Mise en place du fournisseur de cloud Amazon

Important :

Dans Kubernetes 1.27 et versions ultérieures, vous devez utiliser un fournisseur de cloud AWS hors arbre. Les fournisseurs de cloud en arbre ont cessé d’être pris en charge. Le fournisseur de cloud Amazon a été complètement supprimé et ne fonctionnera plus après une mise à niveau vers Kubernetes 1.27. Les étapes énumérées ci-dessous sont toujours nécessaires pour configurer un fournisseur de cloud Amazon. Vous pouvez configurer un fournisseur de cloud hors arbre après avoir créé un rôle IAM et configuré le ClusterID.

Vous pouvez également migrer d’un fournisseur de cloud en arbre vers un fournisseur de cloud hors arbre AWS sur Kubernetes 1.26 et versions antérieures. Tous les clusters existants doivent migrer avant de passer à la version v1.27 afin de rester fonctionnels.

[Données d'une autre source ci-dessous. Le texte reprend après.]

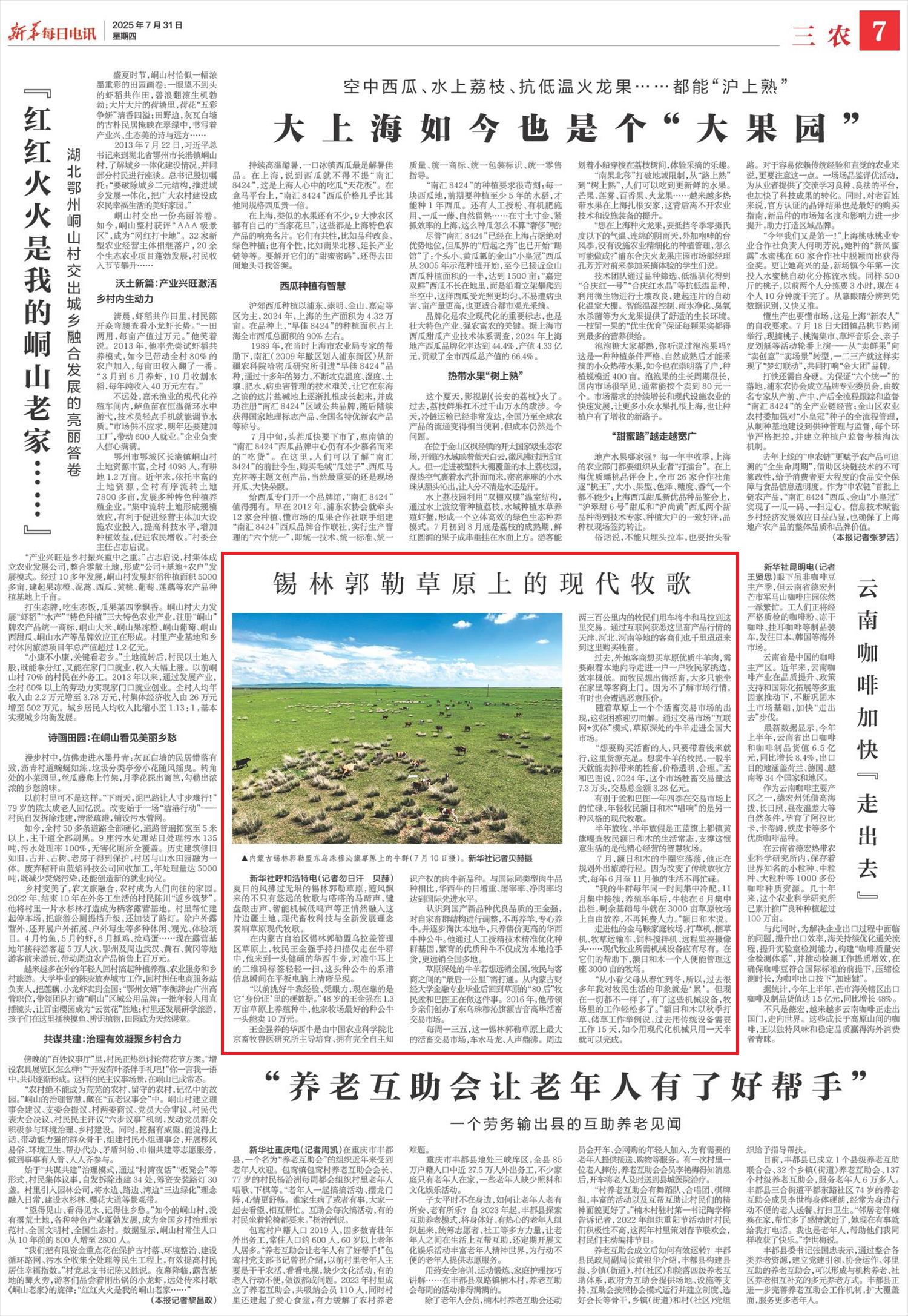 2025年7月31日,《新華每日電訊》第7版刊發(fā)題為《錫林郭勒草原上的現(xiàn)代牧歌》的文章,報道了夏日的風(fēng)拂過無垠的錫林郭勒草原,隨風(fēng)飄來的不只有悠遠(yuǎn)的牧歌與嗒嗒的馬蹄聲,鍵盤敲擊聲、智能機(jī)械低鳴聲等正悄然融入這片邊疆土地,現(xiàn)代畜牧科技與全新發(fā)展理念奏響草原現(xiàn)代牧歌。
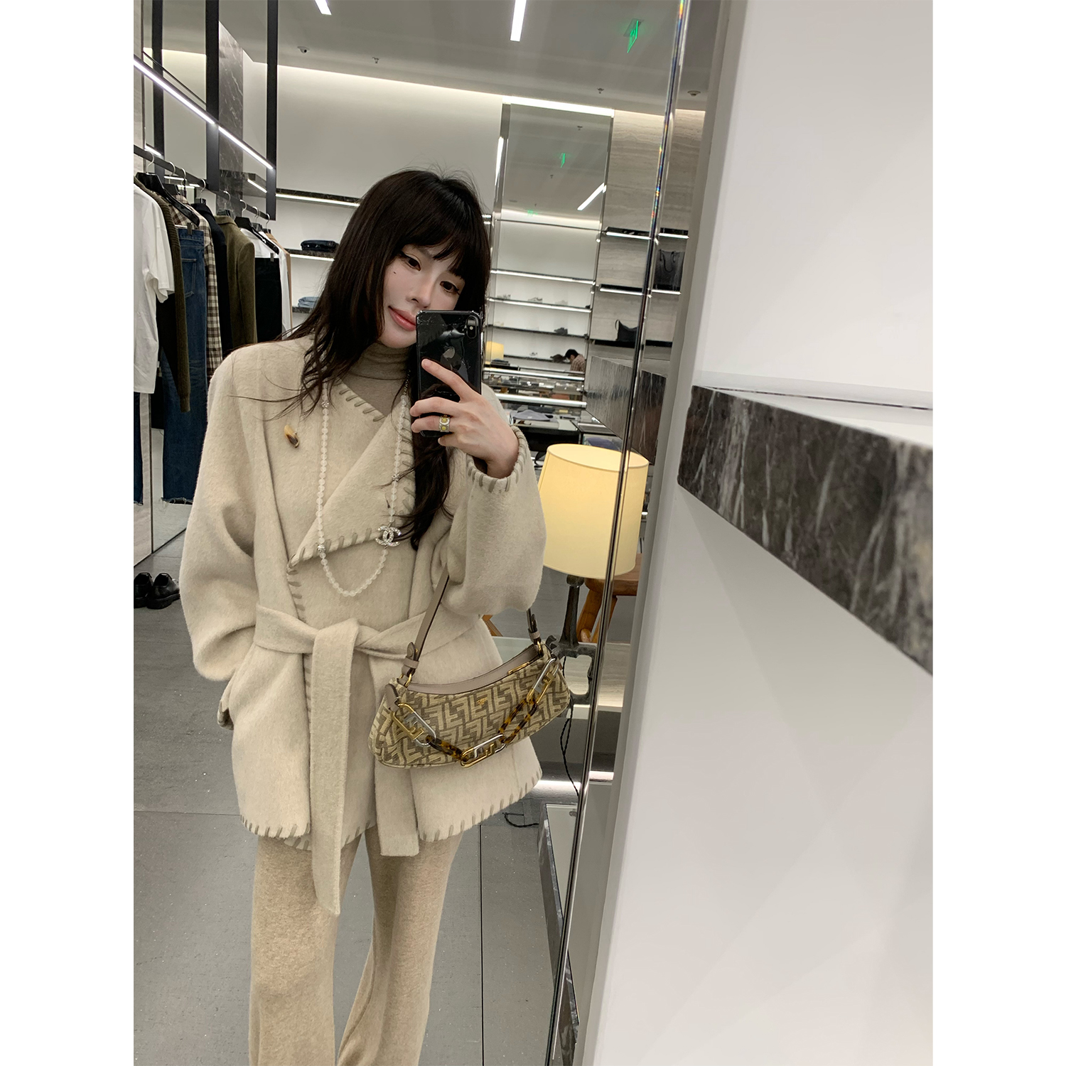 ASM ANNA/Gentle atmosphere camel wool silk wool handmade sheepskin lock edge detail short coat for women
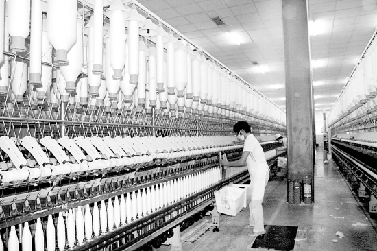 商水县坚持以项目建设为主线,狠抓工业经济支撑点,在招商引资和项目建设工作中呈现出较好的态势。图为该县产业集聚区内纺织女工正在忙碌的场景。( 陈东辉 摄)
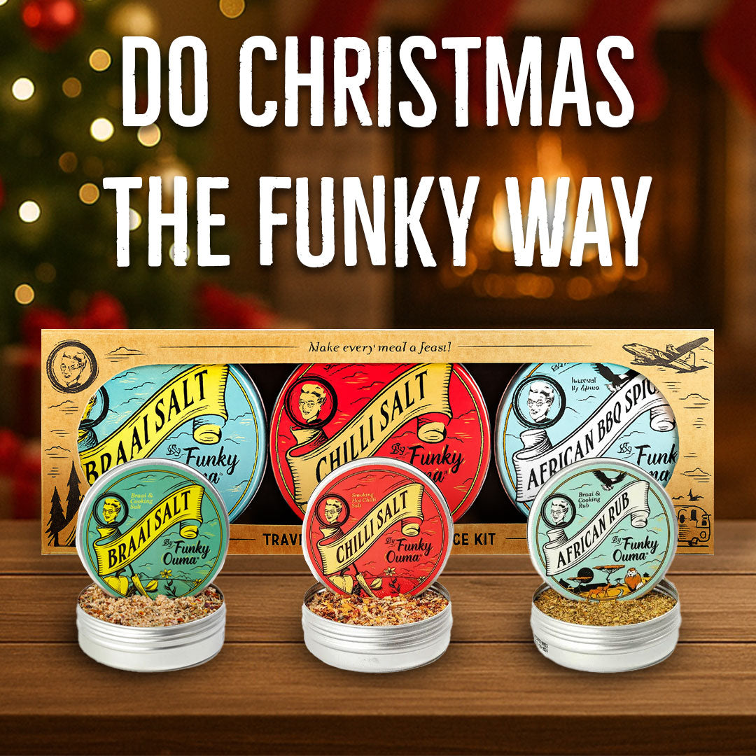 Transform your meals with our Funky Ouma Classic Travel Tin set featuring three carefully crafted seasoning salts that will elevate every dish.
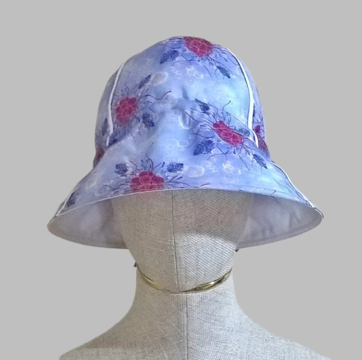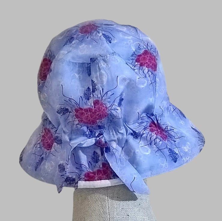 The fabric has a beautiful raspberry and lavender floral design on a blue background. Piping in white hemp trims the front, adding a subtle chic touch, and the brushed cotton lining provides both comfort and form to the colourful light cotton/ silk fabric.
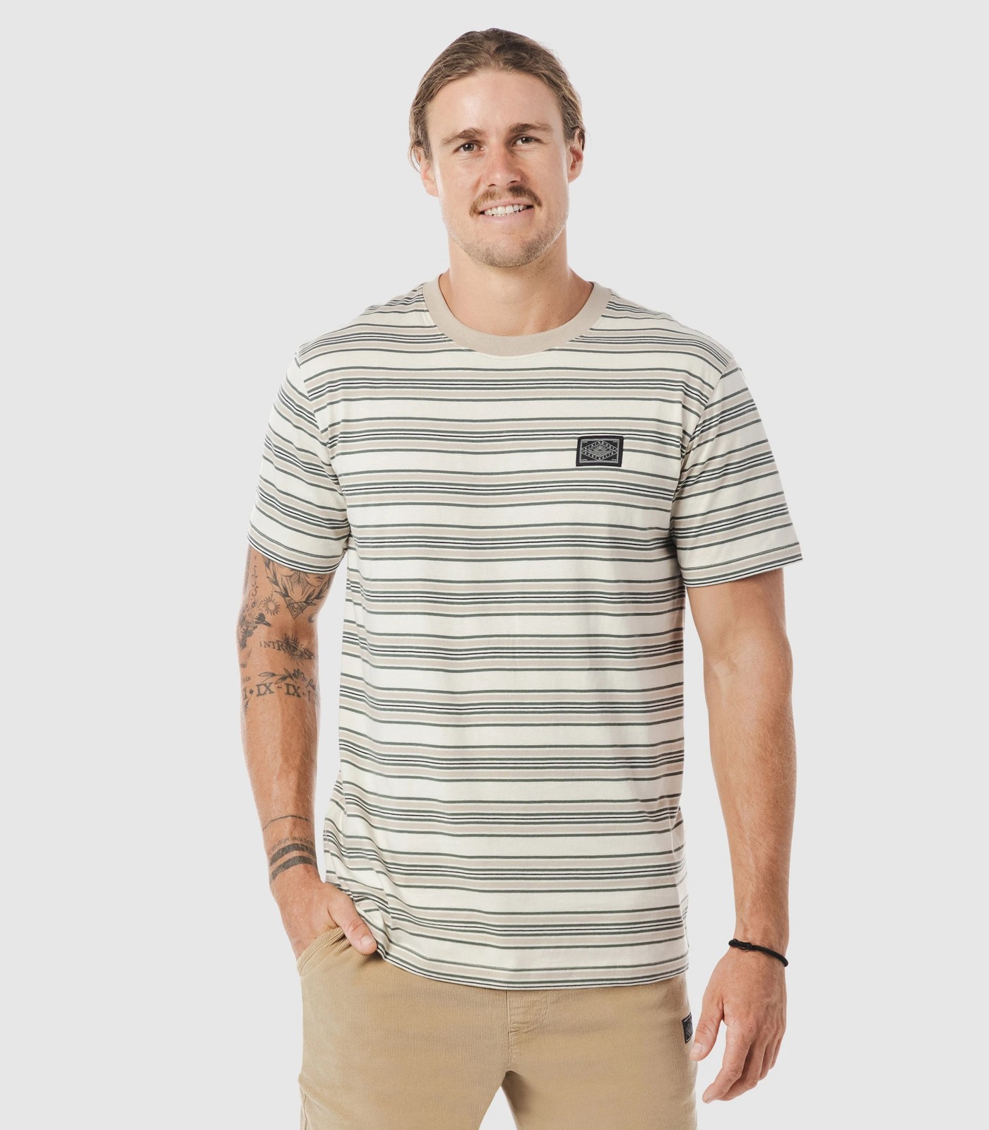 Step into effortless style with our Stripe T-Shirt by Piping Hot. Made from soft cotton, this tee ensures a comfy fit, perfect for any casual outing. The neutral sand colour paired with all-over stripes gives it a versatile edge, while the PH badge on the chest adds a touch of flair. The ribbed crew neckline and short sleeves provide a stylish fit, and the straight hemline makes it a staple for any wardrobe. Refresh your everyday look and grab yours today!
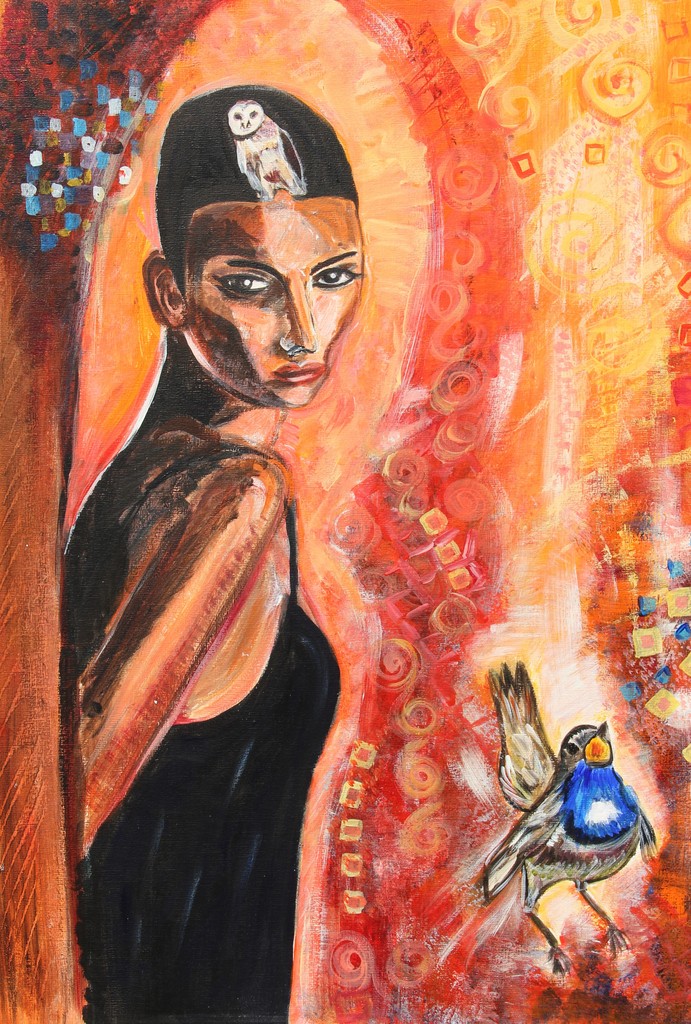 vrouwenfiguur met vogel
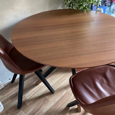 4 stoler i skinn og stål armlener i sort. Selges samlet til kr 1500,-

À partir de Kubernetes 1.23, vous devez désactiver la porte de fonctionnalité CSIMigrationAWS pour utiliser le fournisseur de cloud AWS en arbre. Vous pouvez le faire en définissant feature-gates=CSIMigrationAWS=false comme argument supplémentaire pour le Kubelet, le gestionnaire de contrôleur, l’API Server et le planificateur du cluster dans la configuration avancée du cluster.

Lorsque vous utilisez Amazon comme fournisseur de cloud, vous pouvez tirer parti des capacités suivantes :

Équilibreurs de charge : Lancez un AWS Elastic Load Balancer (ELB) lorsque vous sélectionnez Layer-4 Load Balancer dans Mapping de port ou lorsque vous lancez un Service avec type: LoadBalancer.
Volumes persistants : Utilisez des AWS Elastic Block Stores (EBS) pour les volumes persistants.

Consultez le README du fournisseur de cloud AWS pour plus d’informations sur le fournisseur de cloud Amazon.

Pour configurer le fournisseur de cloud Amazon,

Créer un rôle IAM et l’attacher aux instances
Configurer le ClusterID

1. Créer un rôle IAM et l’attacher aux instances

Tous les nœuds ajoutés au cluster doivent pouvoir interagir avec EC2 afin de pouvoir créer et supprimer des ressources. Vous pouvez activer cette interaction en utilisant un rôle IAM attaché à l’instance. Voir la documentation Amazon : Création d’un rôle IAM pour savoir comment créer un rôle IAM. Il existe deux politiques d’exemple :

La première politique est pour les nœuds avec le rôle controlplane. Ces nœuds doivent pouvoir créer/supprimer des ressources EC2. La politique IAM suivante est un exemple, veuillez supprimer les autorisations inutiles pour votre cas d’utilisation.
La deuxième politique est pour les nœuds avec le rôle etcd ou worker. Ces nœuds doivent uniquement pouvoir récupérer des informations d’EC2.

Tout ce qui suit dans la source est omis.